John Macaulay

No. 67
- Position: Center

Personal information
- Born: April 27, 1959 (age 67) San Diego, California, U.S.
- Listed height: 6 ft 3 in (1.91 m)
- Listed weight: 254 lb (115 kg)

Career information
- High school: Bonita Vista (Chula Vista, California)
- College: Stanford (1978–1981)
- NFL draft: 1982: 11th round, 294th overall pick

Career history
- Green Bay Packers (1982)*; San Francisco 49ers (1983–1984);
- * Offseason or practice squad member only

Awards and highlights
- Super Bowl champion (XIX); First-team All-Pac-10 (1980); 2× Second-team All-Pac-10 (1978, 1981);

Career NFL statistics
- Games played: 3
- Stats at Pro Football Reference

= John Macaulay (American football) =

American football player (born 1959)

John Dunn Macaulay (born April 27, 1959) is an American former professional football player who was a center for two seasons with the San Francisco 49ers of the National Football League (NFL). He was selected by the Green Bay Packers in the eleventh round of the 1982 NFL draft after playing college football for the Stanford Cardinal. He was a member of the 49ers team that won Super Bowl XIX.

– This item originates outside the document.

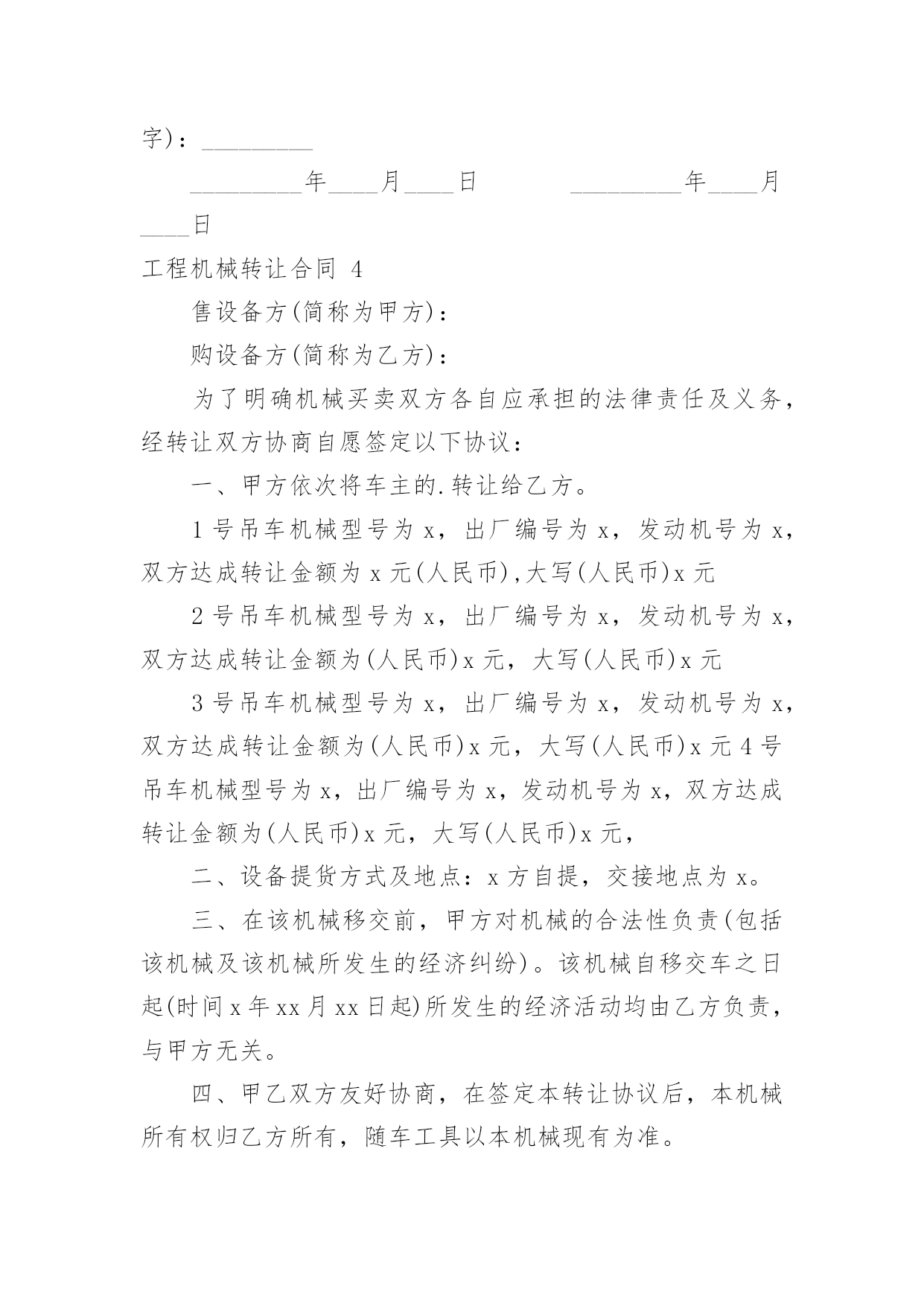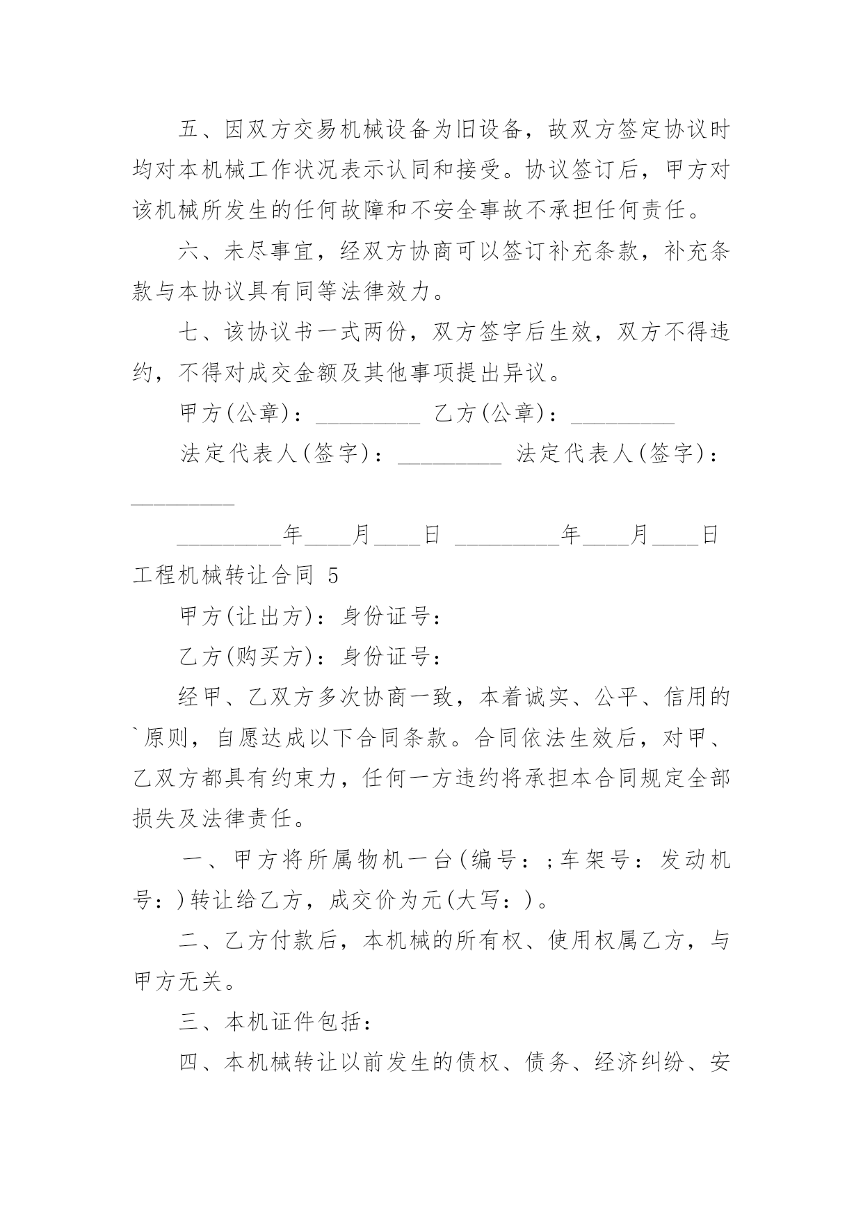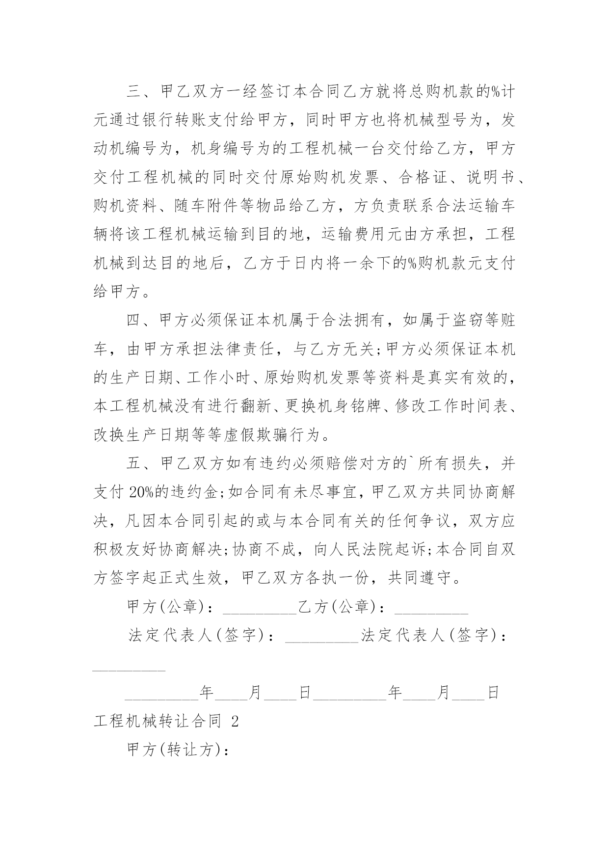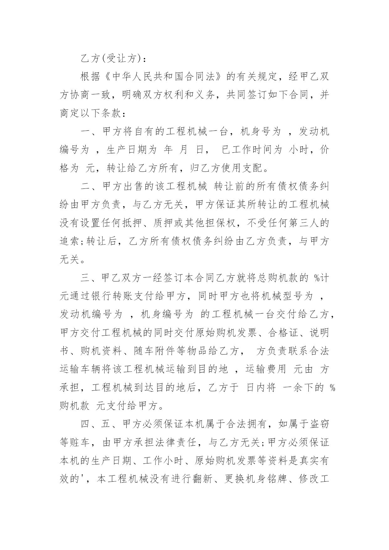 工程机械转让合同工程机械转让合同【常用10篇】随着广大人民群众法律意识的普遍提高,合同出现在我们生活中的次数越来越多,签订合同是减少和防止发生争议的重要措施。知道吗,写合同可是有方法的哦,以下是小编为大家收集的工程机械转让合同,欢迎大家借鉴与参考,希望对大家有所帮助。工程机械转让合同1甲方(转让方):乙方(受让方):根据《中华人民共和国合同法》的有关规定,经甲乙双方协商一致,明确双方权利和义务,共同签订如下合同,并商定以下条款:一、甲方将自有的工程机械一台,机身号为,发动机编号为,生产日期为_______年____月____日,已工作时间为小时,价格为元,转让给乙方所有,归乙方使用支配。二、甲方出售的该工程机械转让前的所有债权债务纠纷由甲方负责,与乙方无关,甲方保证其所转让的工程机械没有设置任何抵押、质押或其他担保权,不受任何第三人的追索;转让后,乙方所有债权债务纠纷由乙方负责,与甲方无关。三、甲乙双方一经签订本合同乙方就将总购机款的%计元通过银行转账支付给甲方,同时甲方也将机械型号为,发动机编号为,机身编号为的工程机械一台交付给乙方,甲方交付工程机械的同时交付原始购机发票、合格证、说明书、购机资料、随车附件等物品给乙方,方负责联系合法运输车辆将该工程机械运输到目的地,运输费用元由方承担,工程机械到达目的地后,乙方于日内将一余下的%购机款元支付给甲方。四、甲方必须保证本机属于合法拥有,如属于盗窃等赃车,由甲方承担法律责任,与乙方无关;甲方必须保证本机的生产日期、工作小时、原始购机发票等资料是真实有效的,本工程机械没有进行翻新、更换机身铭牌、修改工作时间表、改换生产日期等等虚假欺骗行为。五、甲乙双方如有违约必须赔偿对方的`所有损失,并支付20%的违约金;如合同有未尽事宜,甲乙双方共同协商解决,凡因本合同引起的或与本合同有关的任何争议,双方应积极友好协商解决;协商不成,向人民法院起诉;本合同自双方签字起正式生效,甲乙双方各执一份,共同遵守。甲方(公章):_________乙方(公章):_________法定代表人(签字):_________法定代表人(签字):__________________年____月____日_________年____月____日工程机械转让合同2甲方(转让方):乙方(受让方):根据《中华人民共和国合同法》的有关规定,经甲乙双方协商一致,明确双方权利和义务,共同签订如下合同,并商定以下条款:一、甲方将自有的工程机械一台,机身号为,发动机编号为,生产日期为年月日,已工作时间为小时,价格为元,转让给乙方所有,归乙方使用支配。二、甲方出售的该工程机械转让前的所有债权债务纠纷由甲方负责,与乙方无关,甲方保证其所转让的工程机械没有设置任何抵押、质押或其他担保权,不受任何第三人的追索;转让后,乙方所有债权债务纠纷由乙方负责,与甲方无关。三、甲乙双方一经签订本合同乙方就将总购机款的%计元通过银行转账支付给甲方,同时甲方也将机械型号为,发动机编号为,机身编号为的工程机械一台交付给乙方,甲方交付工程机械的同时交付原始购机发票、合格证、说明书、购机资料、随车附件等物品给乙方,方负责联系合法运输车辆将该工程机械运输到目的地,运输费用元由方承担,工程机械到达目的地后,乙方于日内将一余下的%购机款元支付给甲方。四、五、甲方必须保证本机属于合法拥有,如属于盗窃等赃车,由甲方承担法律责任,与乙方无关;甲方必须保证本机的生产日期、工作小时、原始购机发票等资料是真实有效的',本工程机械没有进行翻新、更换机身铭牌、修改工作时间表、改换生产日期等等虚假欺骗行为。六、甲乙双方如有违约必须赔偿对方的所有损失,并支付20%的违约金;如合同有未尽事宜,甲乙双方共同协商解决,凡因本合同引起的或与本合同有关的任何争议,双方应积极友好协商解决;协商不成,向人民法院起诉;本合同自双方签字起正式生效,甲乙双方各执一份,共同遵守。甲方(转让方):乙方(受让方):身份证号:身份证号:电话:电话:年月日年月日见证人:身份证号:年月日电话:工程机械转让合同3转让方:(以下称甲方)住址:法定代表人:受让方:_____________________(以下称乙方)住址:____________________________________身份证号:______________________________为实现生产经营需要,甲方向乙方转让甲方拥有和控制的机器设备,经甲乙双方协商一致,特签订本合同:第一条设备名称、规格、数量、价格甲方转让给乙方的设备为20xx年6月出产的辽宁抚顺QUV50A型(产品编号:1460)履带式强夯机壹台,经双方约定价格为人民币。第二条付款方式在本合同生效后2个工作日内乙方向甲方支付人民币的定金,其余转让款人民币乙方在本合同生效后10个工作

==Early life and college==
John Dunn Macaulay was born on April 27, 1959, in San Diego, California. He attended Bonita Vista High School in Chula Vista, California.

He lettered for the Cardinal at Stanford University from 1978 to 1981. He earned Associated Press first-team All-Pac-10 honors in 1980 and Coaches second-team All-Pac-10 honors in 1978 and 1981.

==Professional career==
Macaulay was selected by the Green Bay Packers in the 11th round, with the 294th overall pick, of the 1982 NFL draft. He was released by the Packers on August 30, 1982.

Macaulay signed with the San Francisco 49ers on May 20, 1983. He was placed on injured reserve on August 23 and spent the entire 1983 season there. He was released by the 49ers on August 27, 1984, but re-signed on September 4 after Jeff Stover suffered a knee injury. Macaulay played in three games for the 49ers during the 1984 season.

==Personal life==
Macaulay became a doctor and tech professional after his playing career. In June 2013, Macaulay had his Super Bowl ring returned to him after he had left it in an airport bathroom earlier in the day.